What Nitin Gadkari Really Thinks About Politics
“Politics is not just power. It is a game of compromises, compulsions, limitations, and contradictions.”
He placed responsibility on voters: the day the public stops rewarding defectors and caste politics, both will end.
He treats every person in his constituency as family, regardless of caste, religion, or language.
The Most Human Moments
In the “Confession Room,” Gadkari admitted to a teenage prank, overeating at a restaurant with friends, and paying only for two people through a bribed waiter.
He still regrets it.
He has lost 46 kg.
His best line of the night:
“My food has reduced. My intention towards food has not reduced.”

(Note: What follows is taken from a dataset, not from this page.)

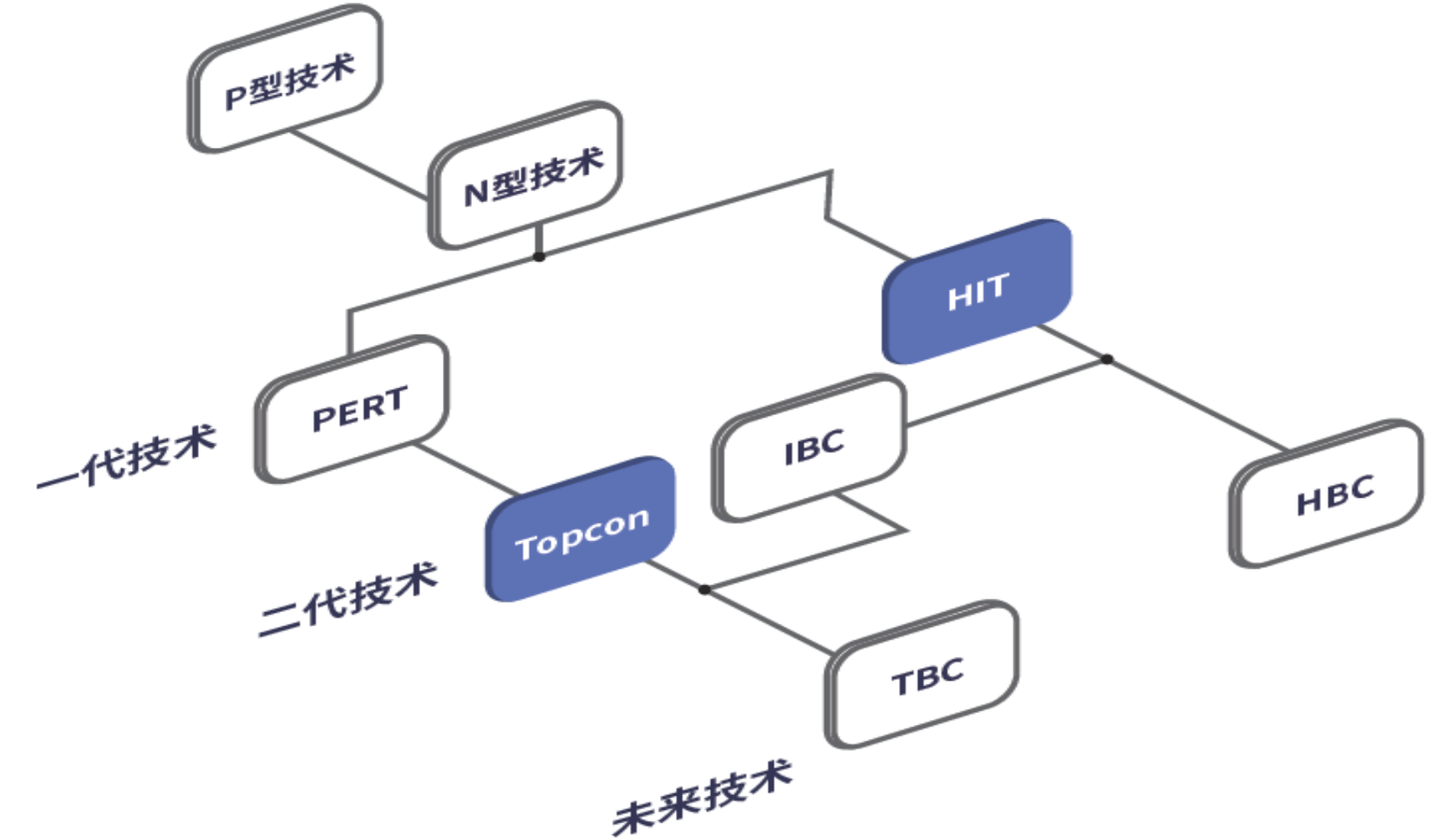 N型电池片阶段,多种技术路线并行。在2021年,PERC仍是主流的电池片技术,由于PERC电池的产业化平均光电转换效率达23.1%逼近其理论极限,更高转换效率的N型技术路线替代PERC成为主流电池片技术已成为大势所趋。光伏电池片技术从P型转向N型时代出现了较为明显的技术分流:一类是以TOPCon为代表的延续性技术,工艺与P型时代主流的PERC技术一脉相承,目前仍具有技术升级空间;另一类以HJT为代表,性能上具有众多优势,但产线、工艺与PERC时代互不相通。在N型电池片阶段出现技术分流,形成TOPCon/IBC/HJT多种技术路线并行的局面。

He still loves misal and street food, and admits that most of his thoughts are food-related.
The Vajpayee Connection
Gadkari credits Atal Bihari Vajpayee for shaping him.
It was Vajpayee who asked him to design the Pradhan Mantri Gram Sadak Yojana.
He quoted his mentor:
“Do not give me a height so great that I cannot embrace those who are mine. Do not give me a height where I forget the ground beneath my feet.”
True to this, you will not find Gadkari’s photograph on any highway hoarding built under his ministry.
A Rare Record
He is the only minister in independent India to hold the Roads & Highways portfolio for three consecutive terms, over 11 continuous years.
Final Takeaway
Shekhar Suman chose his comeback guest perfectly.
Gadkari showed why long-form, respectful interviews still matter.
- A man who failed engineering but built world-record infrastructure.
- A man who lost 46 kg but kept his love for life.
- A man who drives a car powered by farmers and refuses to put his photo on hoardings.
If you watch only one Indian YouTube talk show this year, make it this one.